HARSH

Italy’s largest bank is firing 14,000 people and investors are cheering it on

For Italian banks, bad news is good news.

UniCredit, the country’s largest bank, unveiled an aggressive three-year restructuring plan today, featuring 14,000 job cuts, nearly 1,000 branch closures, and sour-loan selloffs at deep discounts.

The bank’s share price surged by more than 15% following the news.

Italian banks are weighed down by some €350 billion ($372 billion) in bad loans, which they are struggling to service in a stagnant economy. UniCredit believes its turnaround plan, which includes the sale of nearly €18 billion non-performing loans to (brave) financial investors, will put it on track to generate a €5 billion profit by 2019, a level it last achieved before the global financial crisis.

Key to this are the staff cuts—accounting for 11% of the bank’s 123,000 employees—which will save €1.1 billion in costs, the bulk of a €1.7 billion overall cost-cutting target. Like other banks, UniCredit will invest a chunk of the savings from the job cuts and branch closures in technology, aiming to automate services previously provided by people.

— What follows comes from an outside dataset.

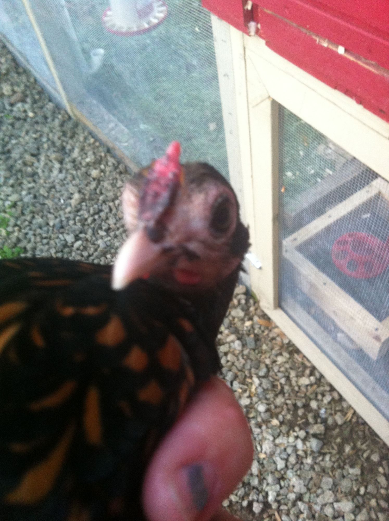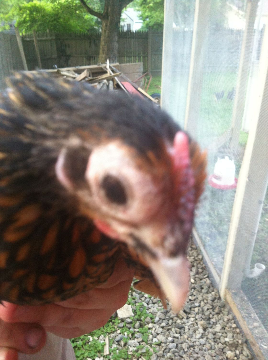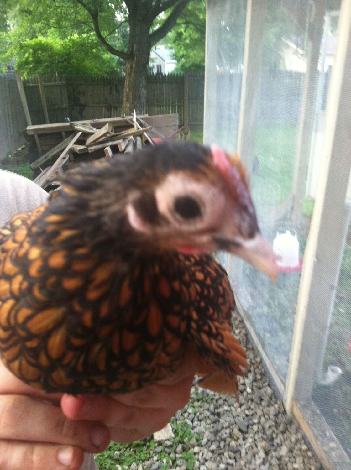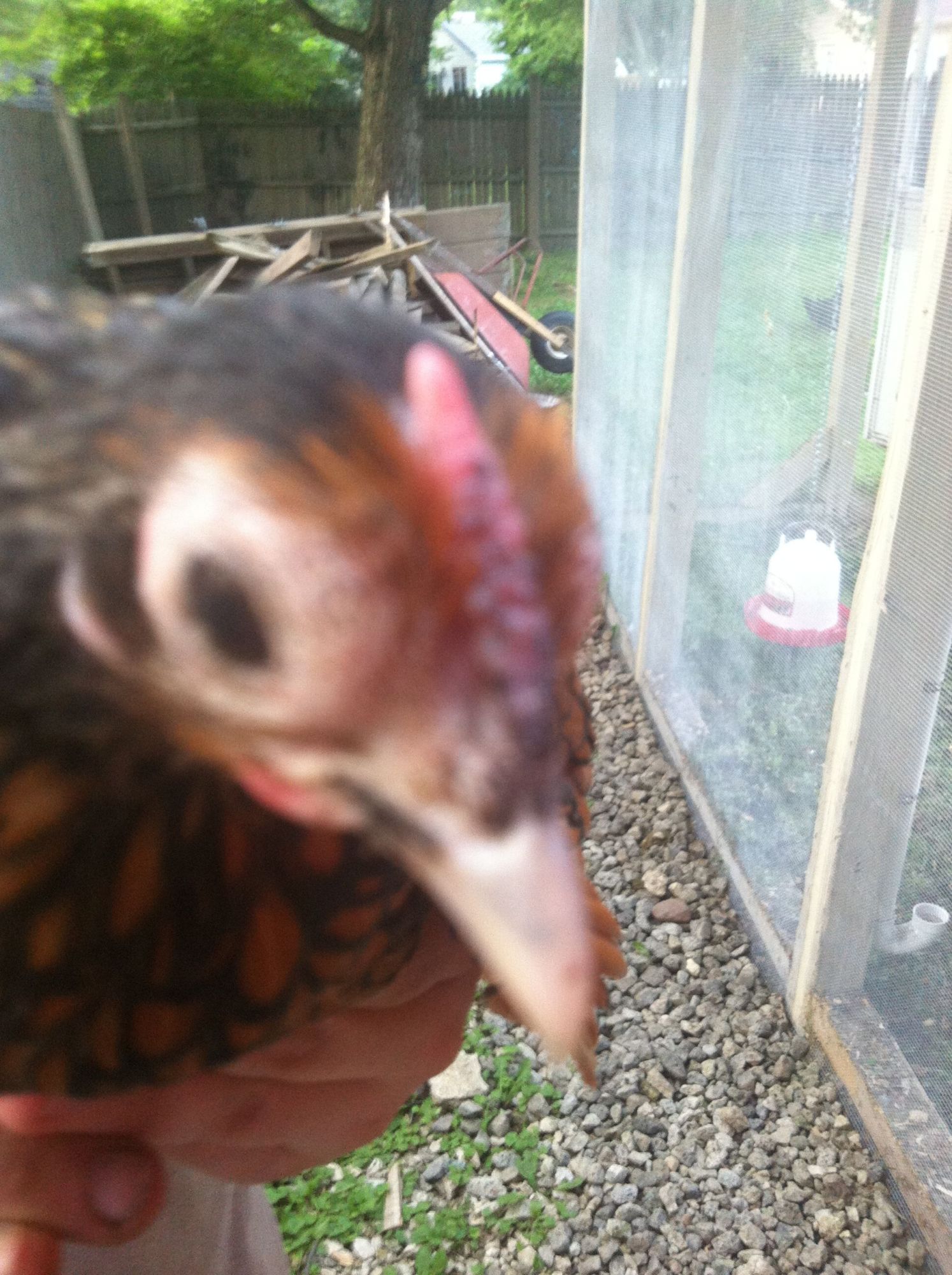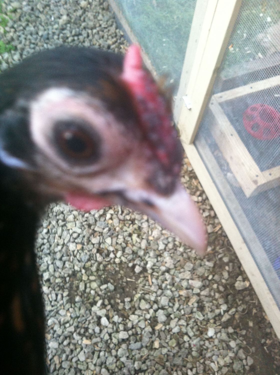 My husband told me about 20 min ago that the hawk (that we used to see regularly but haven't for a while) was back, that he saw him earlier today. I immediately went outside. I heard the chickens having a FIT. I ran down (barefoot) and one if our polish girls was ON TOP of the coop! No idea how she got up there, I have never seen her so much as flap more than to just stretch everything out...

UniCredit will also bolster its balance sheet by raising a whopping €13 billion via new shares. This is incredibly ambitious, considering the bank’s total market capitalization is only €16 billion. The bank is raising additional funds by selling off business units, including asset management firm Pioneer for €3.6 billion and its stake in Polish bank Pekao for the equivalent of €2.4 billion.

The bank’s CEO, Jean Pierre Mustier, said its plan was “conservative” with “achievable” targets. The eye-catching numbers don’t exactly bring “conservative” to mind, but investors appear to believe him on the “achievable” part, despite the costs involved. (UniCredit expects to record a €12.2 billion restructuring charge this quarter.)

The big bank’s shares helped to push the entire Italian stock market by more than its regional peers today. Still, even after today’s rally, UniCredit has lost nearly €15 billion in market cap so far this year, a sign of how down investors have been on Italian banks.

UniCredit is one of Italy’s healthier banks, if you can believe it. The sickest, Banca Monte dei Paschi di Siena, was denied extra time last week to raise the €5 billion it urgently needs to recapitalize by the European Central Bank. Trading in its shares has been suspended in the meantime. Many believe it needs a state bailout to survive.

This will make life difficult for Italy’s new prime minister, Paolo Gentiloni. He was tapped this week for the post after Matteo Renzi resigned following a lost referendum on constitutional reforms. Gentiloni is the country’s sixth prime minister in 10 years and, like many of his recent predecessors, he must deal with a teetering banking system. UniCredit’s actions today may lighten the load, but there is much heavy lifting ahead. In bocca al lupo!